Delegate to the National Council of Provinces
- Incumbent
- Assumed office 23 May 2019

Member of the North West Executive Council for Culture, Arts and Traditional Affairs
- In office 27 May 2014 – 19 January 2016
- Premier: Supra Mahumapelo
- Preceded by: Herself (for Sports, Arts and Culture)
- Succeeded by: Ontlametse Mochware

Member of the North West Executive Council for Sports, Arts and Culture
- In office 3 May 2012 – 27 May 2014
- Premier: Thandi Modise
- Preceded by: Hlomane Chauke
- Succeeded by: Herself (for Culture, Arts and Traditional Affairs)

Member of the North West Executive Council for Sports, Arts and Culture
- In office 25 November 2010 – 3 May 2012
- Premier: Thandi Modise
- Preceded by: Wendy Matsemela
- Succeeded by: Motlalepula Rosho

Personal details
- Born: 9 July 1969 (age 56) Ratlou, North West South Africa
- Party: African National Congress

= Tebogo Modise =

South African politician (born 1969)

Tebogo Constance Modise (born 9 July 1969) is a South African politician who has represented the African National Congress (ANC) in the National Council of Provinces since May 2019. She formerly served in the North West Executive Council between November 2010 and January 2016, when she resigned from the North West Provincial Legislature to become Mayor of Ratlou Local Municipality.

== Early life ==
Modise was born in Ratlou Local Municipality in the present-day North West province.

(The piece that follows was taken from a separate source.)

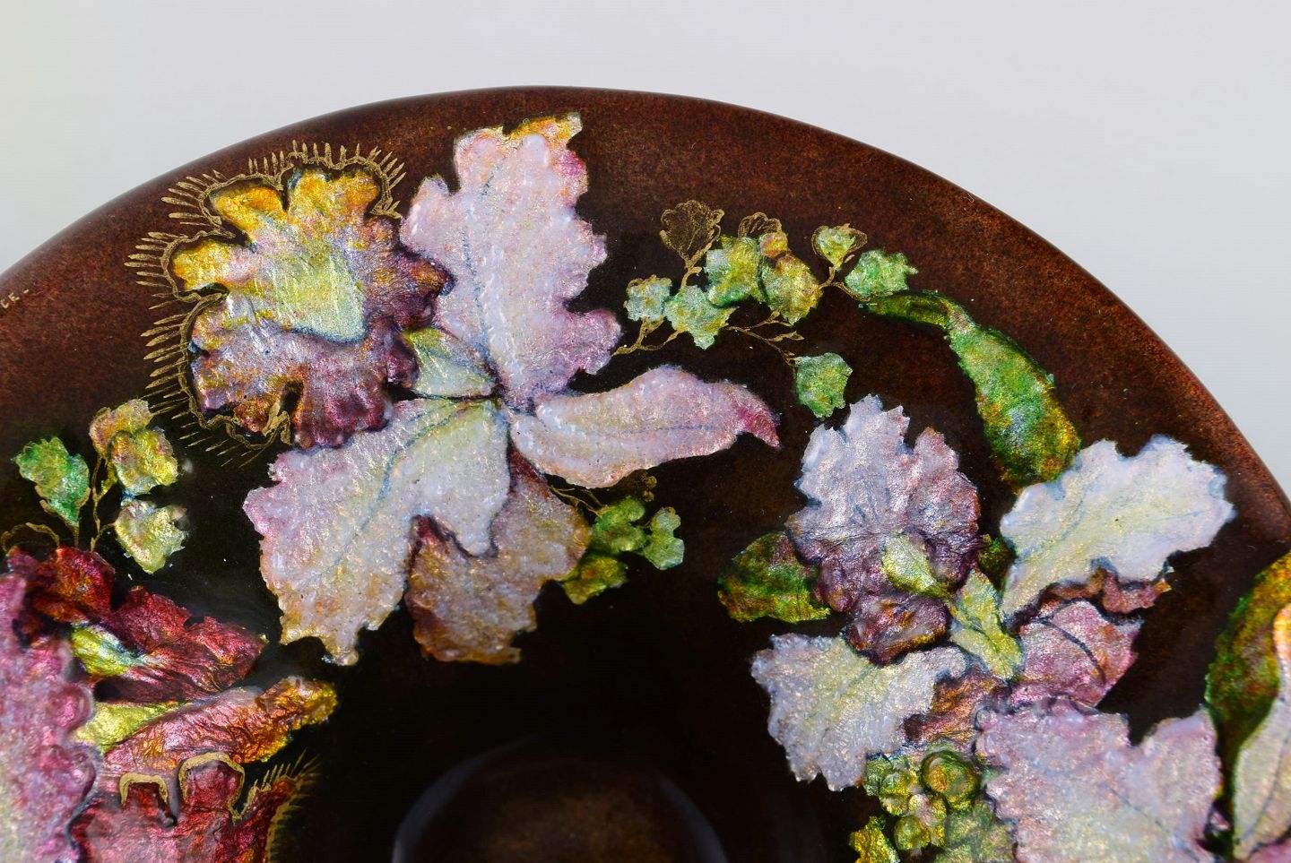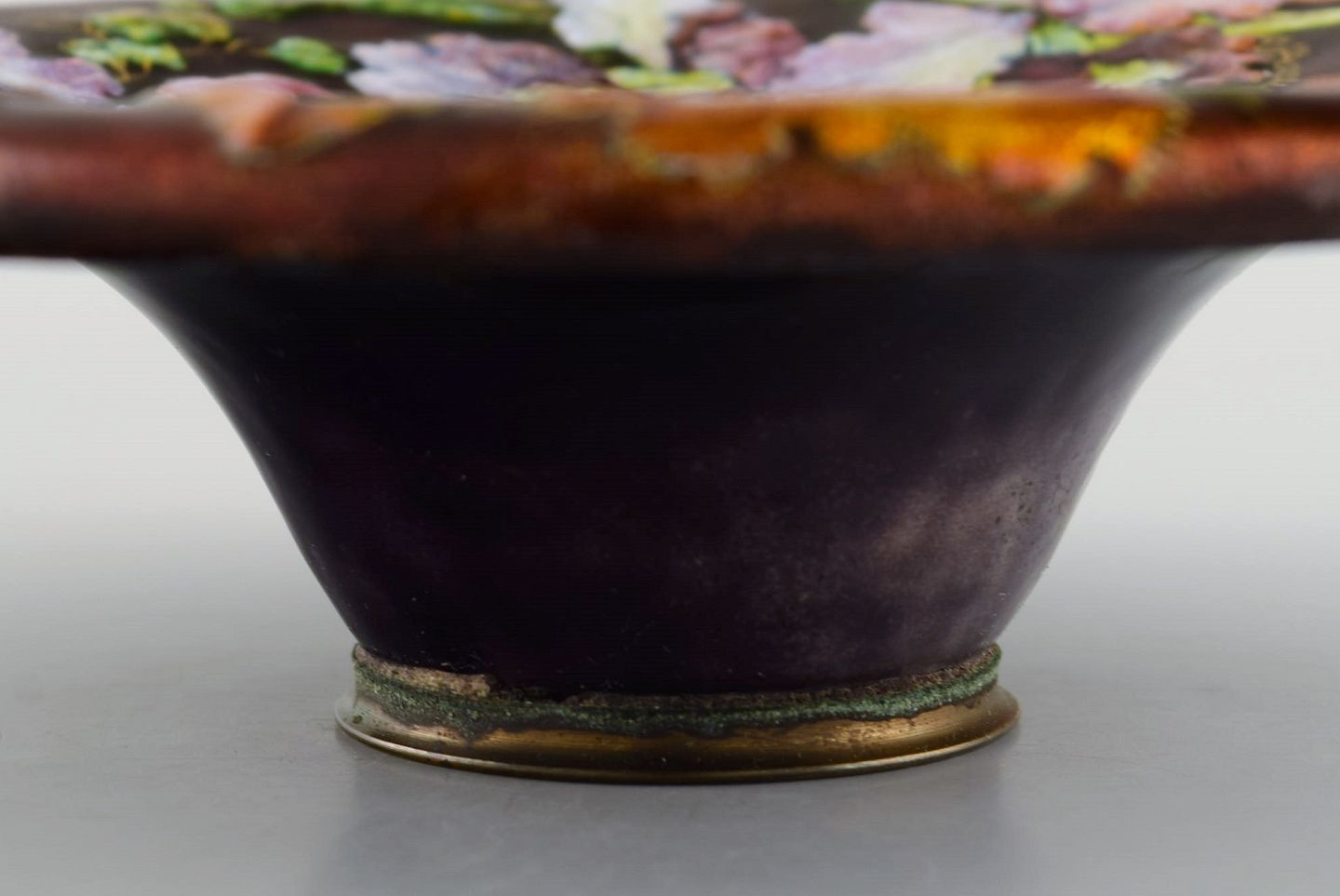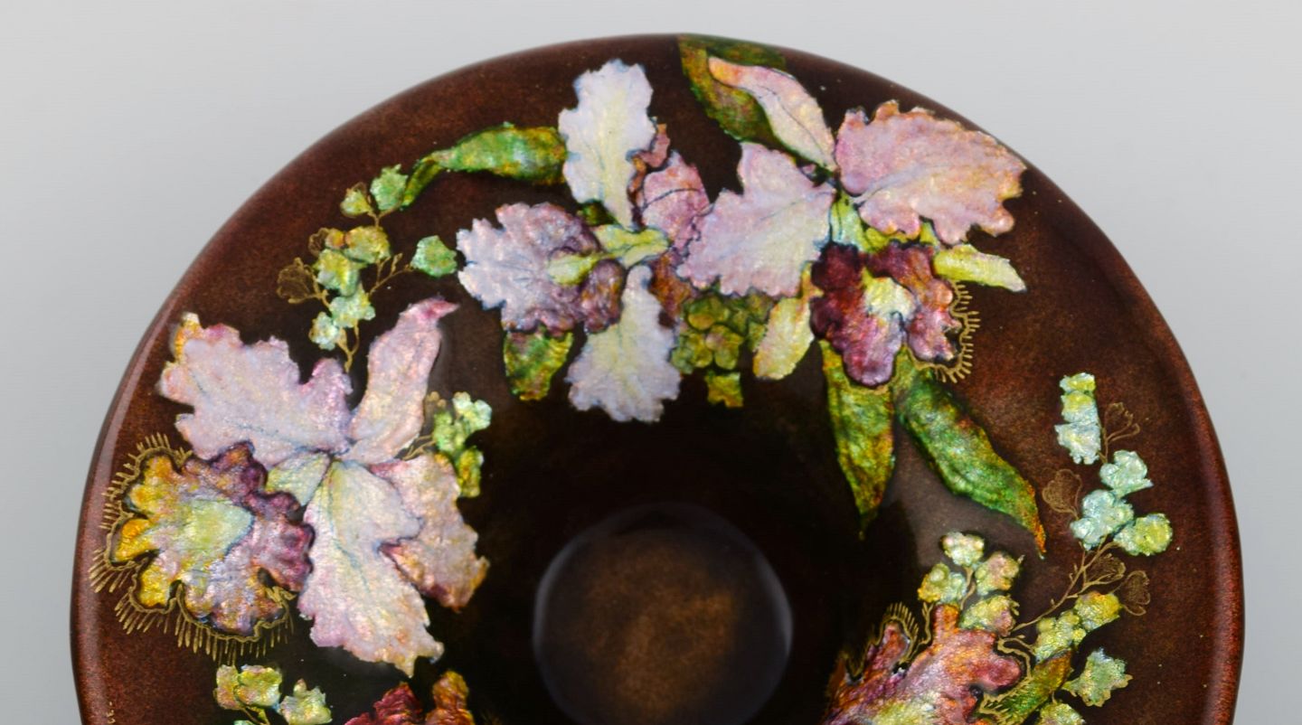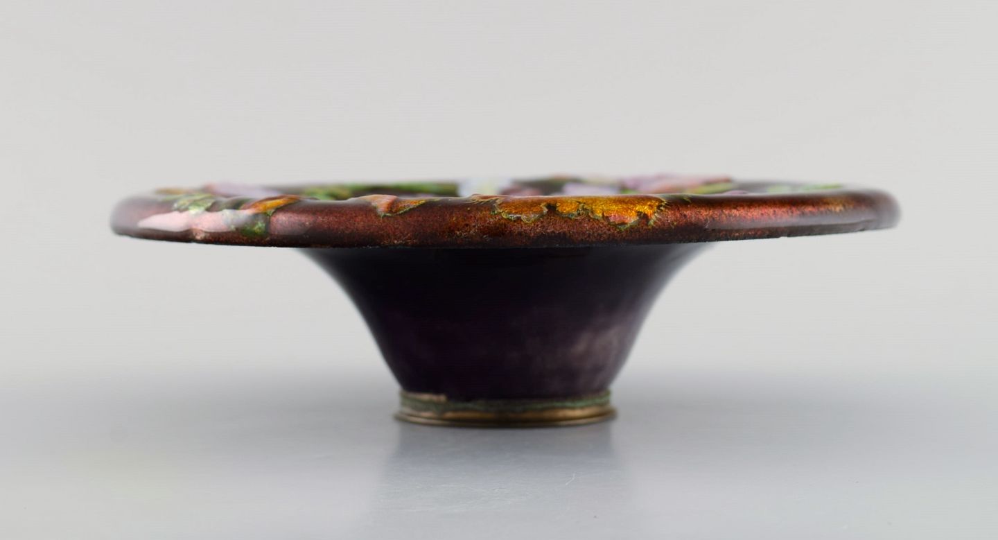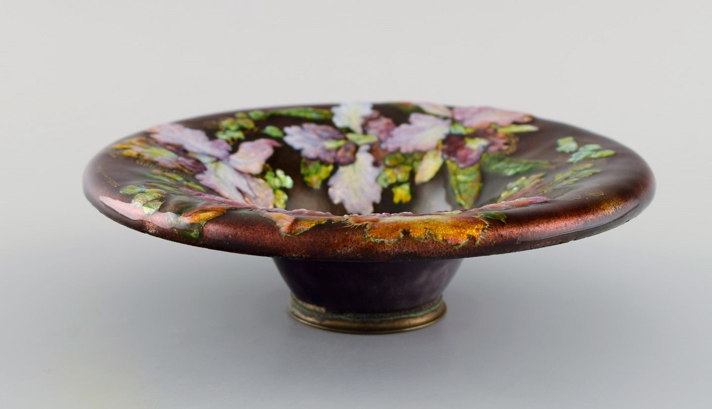 Camille Fauré for Limoges, Frankrig. Art nouveau bronzeskål i emaljearbejde med blomster. Ca. 1910. Måler: 17,7 x 5 cm. I flot stand. Signeret.

== Provincial legislature ==
Modise was elected to the North West Provincial Legislature in the 2009 general election, ranked 21st on the ANC's provincial party list. The following year, on 25 November 2010, she was appointed to the North West Executive Council in a reshuffle by Thandi Modise, who had recently replaced Maureen Modiselle as Premier of the North West. Premier Modise named her as MEC for Economic Development, Environment and Tourism. She remained in that portfolio until 3 May 2012, when, in another reshuffle, she was moved to a new post as MEC for Sports, Arts and Culture.

Modise was re-elected to her legislative seat in the 2014 general election and she was retained in the Executive Council by Thandi Modise's successor, Premier Supra Mahumapelo. Mahumapelo reconfigured Modise's portfolio, making her MEC for Culture, Arts and Traditional Affairs.

== Mayor of Ratlou: 2016–2019 ==
In January 2016, Modise announced her resignation from the Executive Council and the Provincial Legislature. A government spokesperson said that she had resigned after ANC branches had called for her removal and the ANC Provincial Executive Committee had approached the government to make the same request. On 19 January 2016, she was sworn in as Mayor of Ratlou Local Municipality, her hometown. She denied that she had been forced to accept a demotion and said that she was pleased to be back in Ratlou. She remained in the mayoral office after the 2016 local elections.

== Parliament: 2019–present ==
In the 2019 general election, Modise was elected to an ANC seat in the National Council of Provinces, the upper house of the South African Parliament.